Stored dataset items:
════════

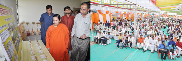She inaugurated the administrative building of Krishi Vigyan Kendra, Lalitpur on this occasion and appreciated the efforts of KVKs for the benefit of farmers of Lalitpur district. Before addressing the gathering of farmers, Hon’ble Ms. Uma Bharati Ji launched Pradhan Mantri Fasal Beema Yojana for the farmers of Bundelkhand districts. In her address, Hon’ble Minister made following points for information to the participating farmers :
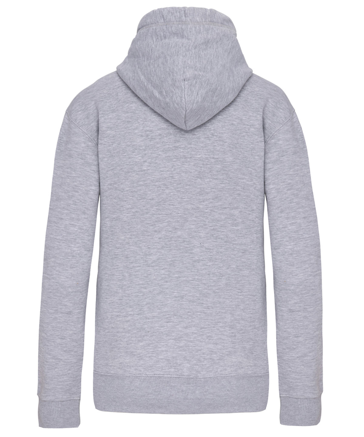 80% combed cotton/20% LSF polyester. Low shrinkage brushed fleece. Silicone wash. Contrast neck tape. Heather Grey inner hood for all colours, except for Oxford Grey body where inner hood is Dark Grey. Kangaroo pocket. Ribbed cuffs and waistband. Certified STANDARD 100 by OEKO-TEX Nー CQ 1007/8, IFTH.
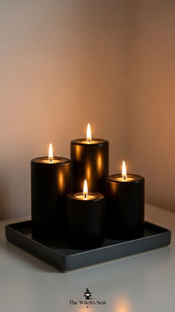 Candles bring warmth and magic into any space. Choose deep colors like black, burgundy, and forest green, or carve runes into candles for intention.
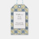 A custom soap or craft tag with block and script letters on an antique tile art pattern in blue, white and yellow. Customize it to change fonts, change label size
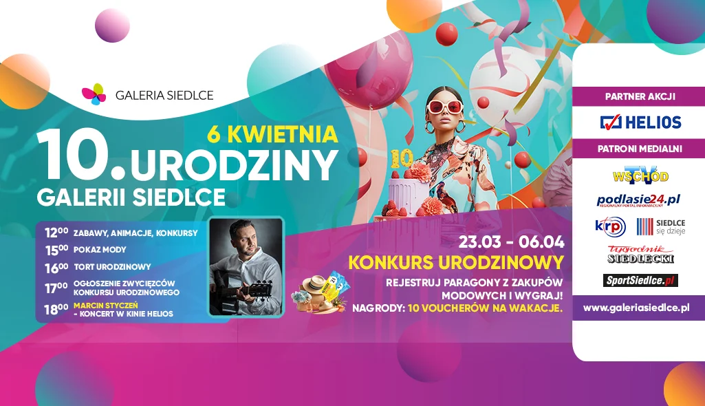 Gwiazdą urodzinowego wieczoru będzie Marcin Styczeń wraz z zespołem. Koncert odbędzie się o godz. 18:00 w Sali kinowej kina Helios. Wstęp wolny. Marcin Styczeń to artysta obdarzony przejmującym, ciepłym głosem. Jego dorobek to jedenaście płyt, pięć z nich stworzył wspólnie z poetą, Ernestem Bryllem. Od ponad 20 lat śpiewa, komponuje, pisze teksty. Koncertuje w kraju i zagranicą. Z okazji urodzin przewidziano dla klientów konkurs urodzinowy, który rozpoczął się jeszcze przed Świętami i trwa aż do dnia finału, czyli 6 kwietnia. Nagrodami w konkursie jest 10 voucherów na wakacje o wartości od 500 zł do 3000zł. Konkurs polega na rejestrowaniu paragonów z zakupów odzieży, obuwia i dodatków w punkcie konkursowym, a osoby, które zarejestrują paragony na najwyższe kwoty zdobędą nagrody. Rozstrzygnięcie konkursu nastąpi 6 kwietnia o 17:00.
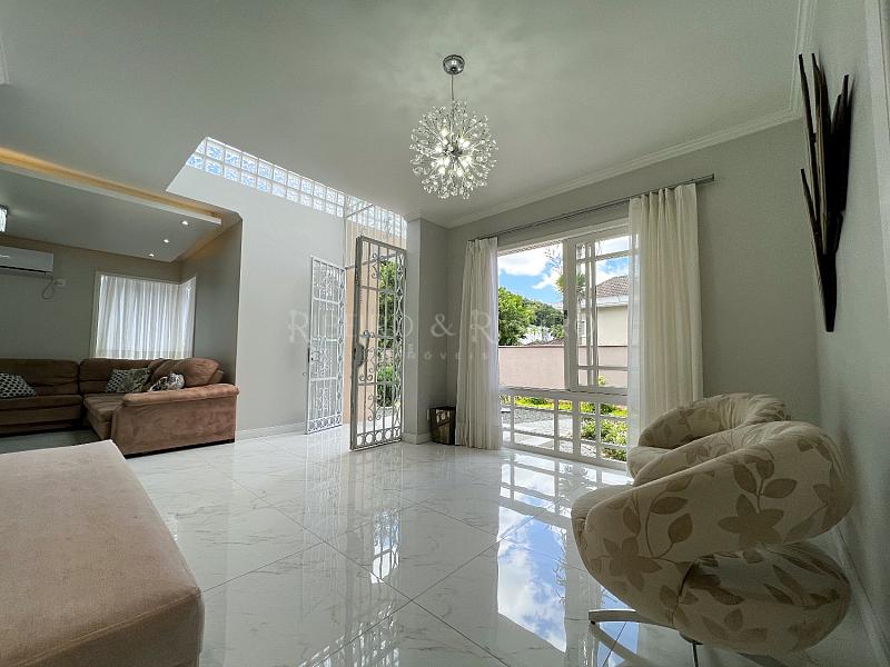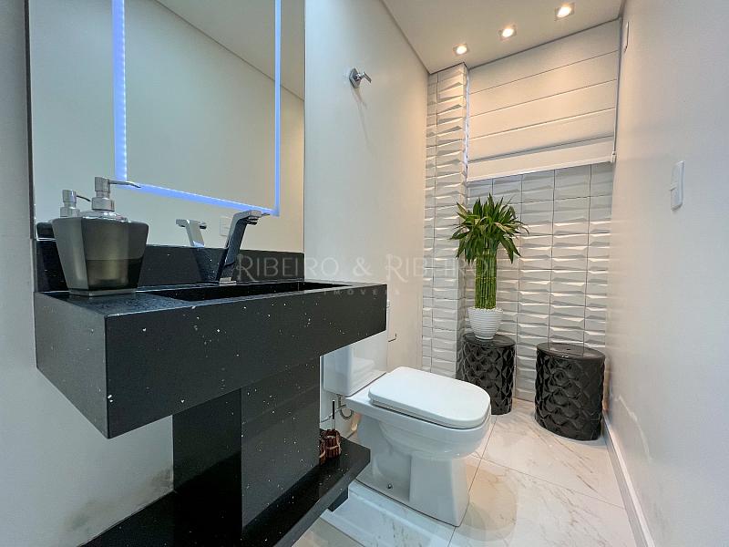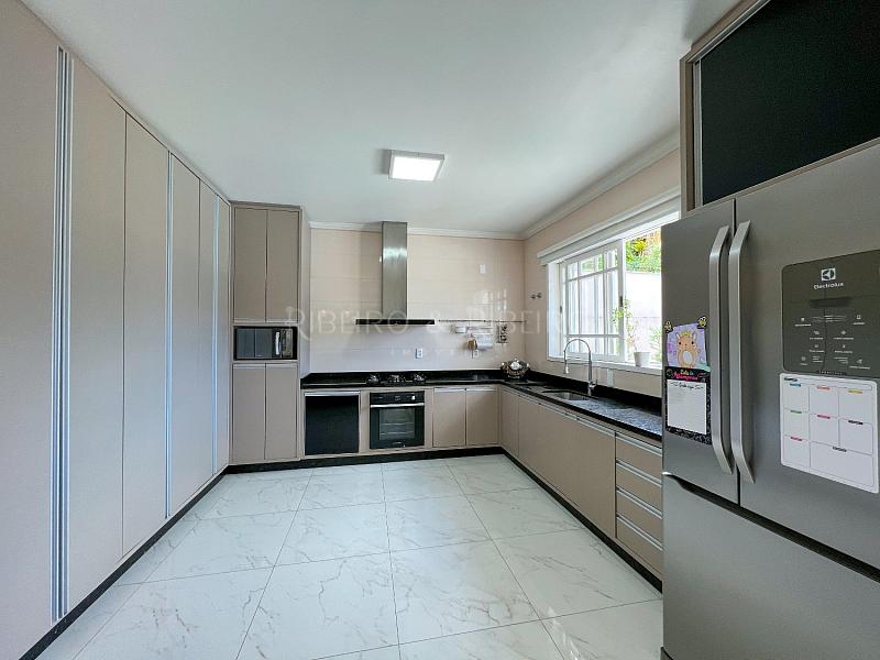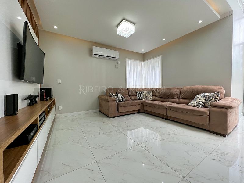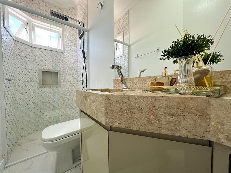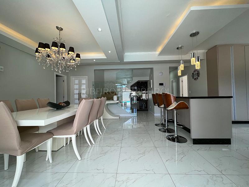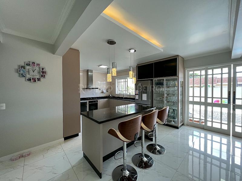 Na área interna da casa no piso inferior conta com uma cozinha grande integrada com a sala de jantar, sala íntima, sala de estar, lavanderia, lavabo, 01 suíte e mais 01 dormitório.
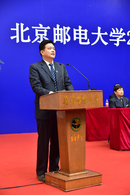 如今,以“互联网+”为代表的技术潮流,将无数青年涌入“大众创业,万众创新”的洪流,将从前不可能实现的梦想,通过互联网、通过大数据、通过“云端”,一步步变为了现实。当移动互联深刻改变了我们每个人的学习与生活,当ALPHA GO演绎的人工智能再次激发人们对信息科技的预言与猜想……对于你们来说,只要充分抓住机遇,就可能冲上时代的前沿。我们坚信,在这个时代,北邮人的舞台将会变得无限宽广,属于你们的中国梦也必将会更加多姿多彩。所以只有将目光放在更远的未来,把个人的志向、奋斗与国家的前途、民族的命运、人民的幸福结合在一起,才能真正实现人生的价值,因为这是青年的力量,也是中国的未来。(掌声)
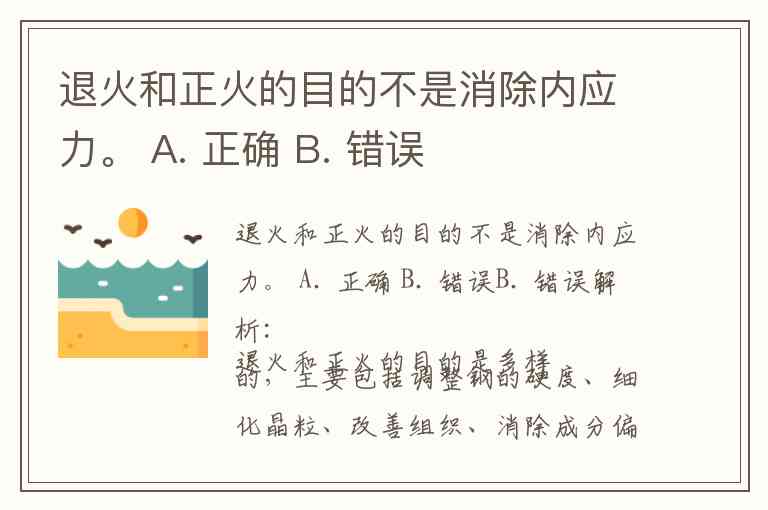 因此,“退火和正火的目的不是消除内应力”这一说法是不准确的,所以本题应选 B. 错误。
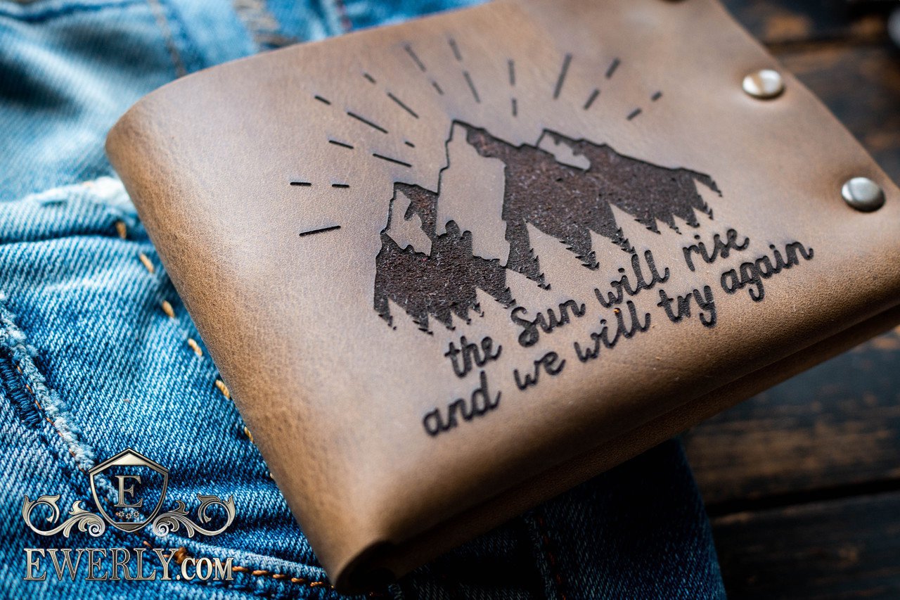 Полностью выполнен из натуральной кожи и металлических заклепок. Эксклюзивное изделие ручной работы с гравировкой текста "the Sun will rise and we will try again", в переводе с английского "Солнце встанет и мы попробуем снова", а также с выгровированным рисунком гор, имеет эффект потёртости и лёгкой небрежности. Рисунок нанесён на кожу с помощью лазера (лазерная гравировка). Изготовлен в ограниченном выпуске.

════════

» Task instructions:
Every record must be returned exactly. Leave its pictures out.

» Response area:
She inaugurated the administrative building of Krishi Vigyan Kendra, Lalitpur on this occasion and appreciated the efforts of KVKs for the benefit of farmers of Lalitpur district. Before addressing the gathering of farmers, Hon’ble Ms. Uma Bharati Ji launched Pradhan Mantri Fasal Beema Yojana for the farmers of Bundelkhand districts. In her address, Hon’ble Minister made following points for information to the participating farmers :
 80% combed cotton/20% LSF polyester. Low shrinkage brushed fleece. Silicone wash. Contrast neck tape. Heather Grey inner hood for all colours, except for Oxford Grey body where inner hood is Dark Grey. Kangaroo pocket. Ribbed cuffs and waistband. Certified STANDARD 100 by OEKO-TEX Nー CQ 1007/8, IFTH.
 Candles bring warmth and magic into any space. Choose deep colors like black, burgundy, and forest green, or carve runes into candles for intention.
 A custom soap or craft tag with block and script letters on an antique tile art pattern in blue, white and yellow. Customize it to change fonts, change label size
 Gwiazdą urodzinowego wieczoru będzie Marcin Styczeń wraz z zespołem. Koncert odbędzie się o godz. 18:00 w Sali kinowej kina Helios. Wstęp wolny. Marcin Styczeń to artysta obdarzony przejmującym, ciepłym głosem. Jego dorobek to jedenaście płyt, pięć z nich stworzył wspólnie z poetą, Ernestem Bryllem. Od ponad 20 lat śpiewa, komponuje, pisze teksty. Koncertuje w kraju i zagranicą. Z okazji urodzin przewidziano dla klientów konkurs urodzinowy, który rozpoczął się jeszcze przed Świętami i trwa aż do dnia finału, czyli 6 kwietnia. Nagrodami w konkursie jest 10 voucherów na wakacje o wartości od 500 zł do 3000zł. Konkurs polega na rejestrowaniu paragonów z zakupów odzieży, obuwia i dodatków w punkcie konkursowym, a osoby, które zarejestrują paragony na najwyższe kwoty zdobędą nagrody. Rozstrzygnięcie konkursu nastąpi 6 kwietnia o 17:00.
 Na área interna da casa no piso inferior conta com uma cozinha grande integrada com a sala de jantar, sala íntima, sala de estar, lavanderia, lavabo, 01 suíte e mais 01 dormitório.
 如今,以“互联网+”为代表的技术潮流,将无数青年涌入“大众创业,万众创新”的洪流,将从前不可能实现的梦想,通过互联网、通过大数据、通过“云端”,一步步变为了现实。当移动互联深刻改变了我们每个人的学习与生活,当ALPHA GO演绎的人工智能再次激发人们对信息科技的预言与猜想……对于你们来说,只要充分抓住机遇,就可能冲上时代的前沿。我们坚信,在这个时代,北邮人的舞台将会变得无限宽广,属于你们的中国梦也必将会更加多姿多彩。所以只有将目光放在更远的未来,把个人的志向、奋斗与国家的前途、民族的命运、人民的幸福结合在一起,才能真正实现人生的价值,因为这是青年的力量,也是中国的未来。(掌声)
 因此,“退火和正火的目的不是消除内应力”这一说法是不准确的,所以本题应选 B. 错误。
 Полностью выполнен из натуральной кожи и металлических заклепок. Эксклюзивное изделие ручной работы с гравировкой текста "the Sun will rise and we will try again", в переводе с английского "Солнце встанет и мы попробуем снова", а также с выгровированным рисунком гор, имеет эффект потёртости и лёгкой небрежности. Рисунок нанесён на кожу с помощью лазера (лазерная гравировка). Изготовлен в ограниченном выпуске.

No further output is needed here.